วันจันทร์ที่ 7 เมษายน พ.ศ. 2551

Why Does a Stock Go Down in Price When There is a Big Sell Off

Why Does a Stock Go Down in Price When There is a Big Sell Off?

You are absolutely correct when you state that there has to be a buyer
when there are sellers. The number of shares sold of a particular
stock on a given day has to equal the number of shares purchased of
that stock on that day. On the stock market, this is referred to as
the "volume".


The relationship between the number of goods sold and the number of
goods bought holds in any market, not just the stock market.

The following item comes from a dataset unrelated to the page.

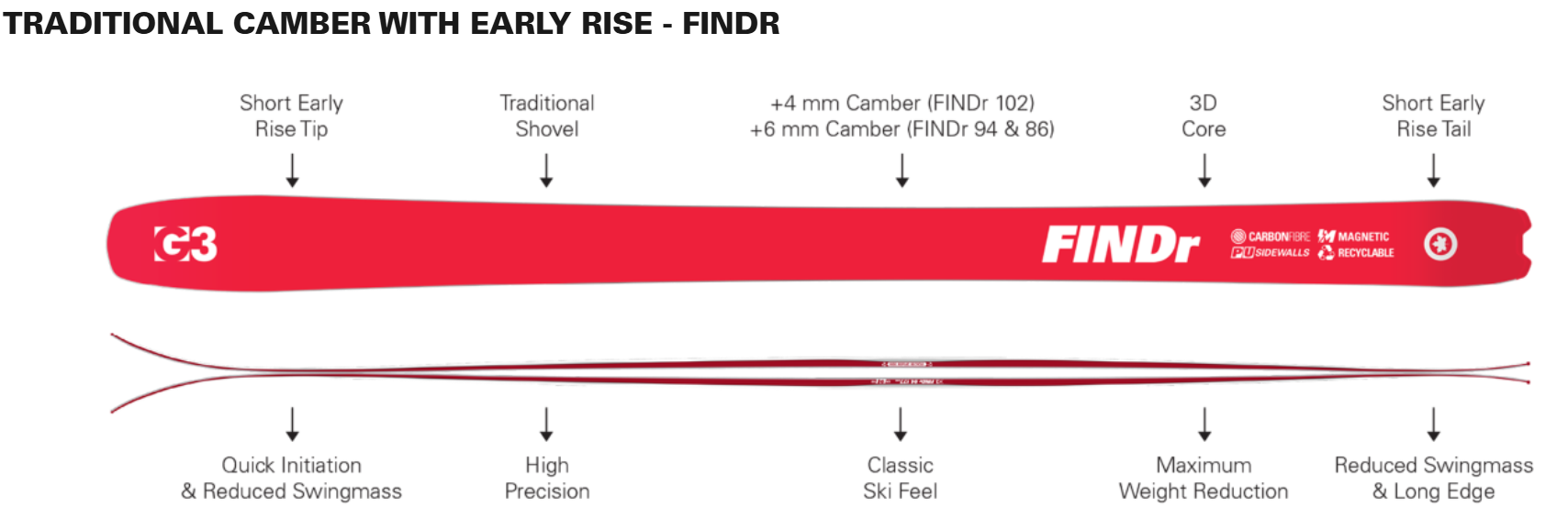 Το βραβευμένο FINDr R3 διαθέτει μαγνητικά σημεία επαφής, που επιταχύνουν τις μεταβάσεις κατά τη μεταφορά και εξαλείφουν την ανάγκη για ιμάντα ώμου. Σχεδιασμένο για εξαιρετική απόδοση στο ορειβατικό σκι, σε σκληρές και μεικτές συνθήκες χιονιού, καθώς και για μέγιστο έλεγχο στις ακμές, το FINDr R3 διαθέτει ένα παραδοσιακό Camber προφίλ. Επιπλέον, η πρώιμη ανύψωση της μύτης προσφέρει επιπλέον άνωση στο βαθύ χιόνι.

The
number of ski jackets sold by a retailer must equal the number of ski
jackets purchased by customers.

However the price of ski jackets doesn't necessarily stay the same.
The retailer may decide to have a sale (which can be considered a sell
off) on the jackets if it's July and the demand for ski jackets is
low.

The stock market works in a particular way. To use an example from a
recent event, suppose a major pharmaceutical company (we'll call them
Company A) just had its supposed new wonder drug banned by the FDA.
Shares in that company at the current price are now less attractive to
both current Company A shareholders and those considering purchasing
shares in Company A. This will cause those interesting buying the
stock to demand a lower price to accept Company A shares (known in
stock market lingo as the "bid price") and those interesting in
selling Company A shares to offer a lower price in order to get rid of
the shares (known as the "ask price"). Eventually a buyer and seller
will agree on a price (meaning that the "bid" and "ask" are identical)
and shares will be sold. This price will naturally be lower than the
price the shares were selling for before the bad news came out.